We should note that when dealing with a vector (or tensor) field on a manifold each element of the field exists entirely at a single point of the manifold, with a direction and a magnitude, rather than imagining each vector to actually extends from one point in the manifold to another. (For example, we might have a vector field describing the direction and speed of the wind at each point in a given volume of air.) However, for the purpose of illustrating the relation between contravariant and covariant components, we are focusing on simple displacement vectors in a flat metrical space.

Figure 1 shows an arbitrary coordinate system, with the axes X1 and X2, as well as the contravariant and covariant components of the position vector P with respect to these coordinates.
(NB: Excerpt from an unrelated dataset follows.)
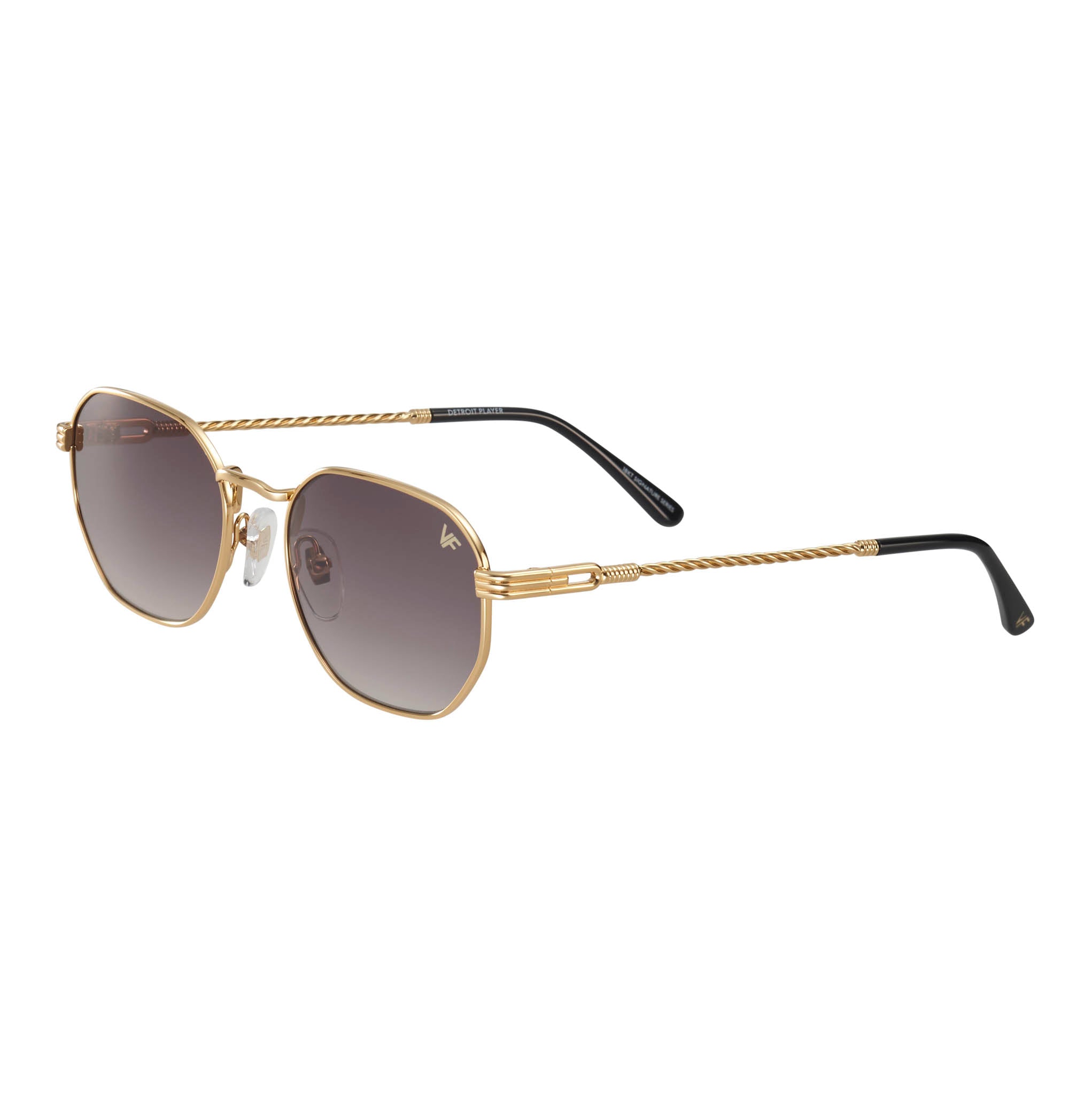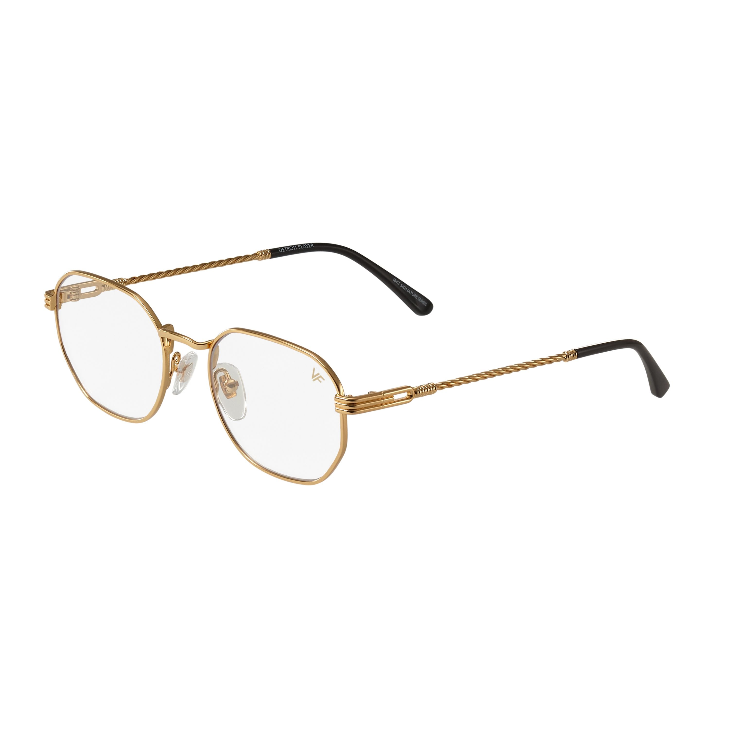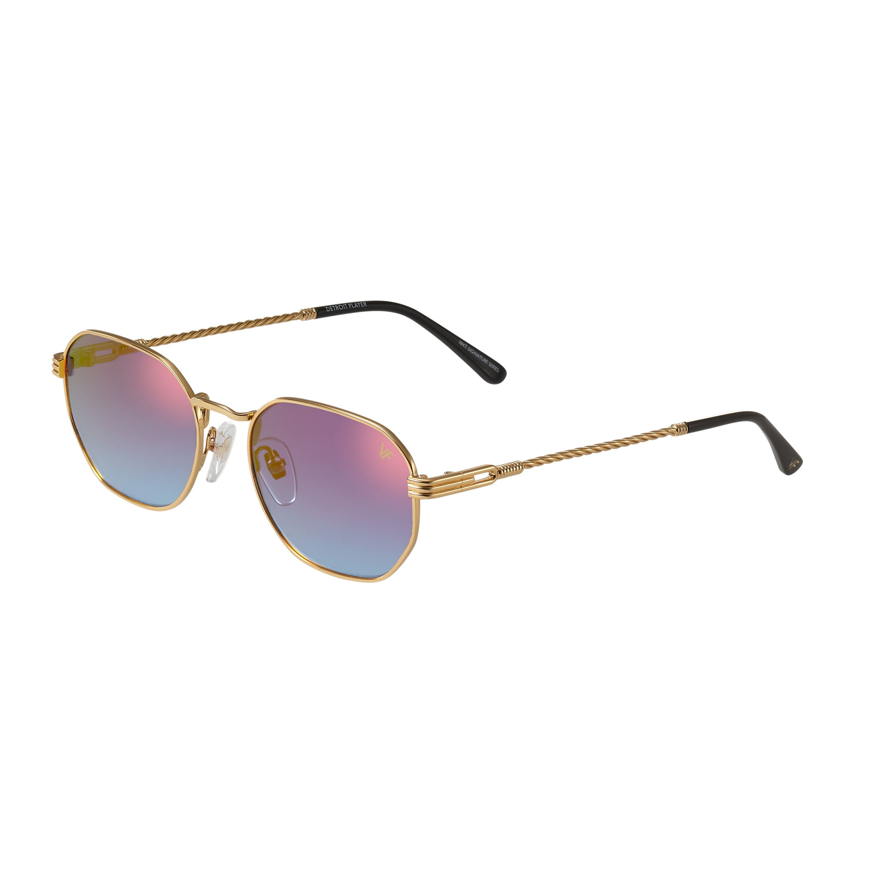 Made using vintage machinery and techniques, the Detroit Player Signature Series features an 18KT yellow gold frame and is available in several lens options. Vintage Frames Company pays homage to its vintage archive by mixing historical fashion references with today's pop culture to create timeless collections of sunglasses and eyewear. The Detroit Player Signature Series is a unisex style and can be worn to elevate any look; from day to night.

As can be seen, the jth component of the "contravariant path" from O to P consists of a segment parallel to jth coordinate axis, whereas the jth component of the "covariant path" consists of a segment perpendicular to all the axes other than the jth. This is the essential distinction (up to scale factors) between the contravariant and covariant ways of expressing a vector or, more generally, a tensor.

By the way, it may seem that the naming convention is backwards, because the "contra" components go with the axes, whereas the "co" components go against the axes. Historically these names were given on the basis on the transformation laws that apply to these two different interpretations. In any case, we're stuck with the names.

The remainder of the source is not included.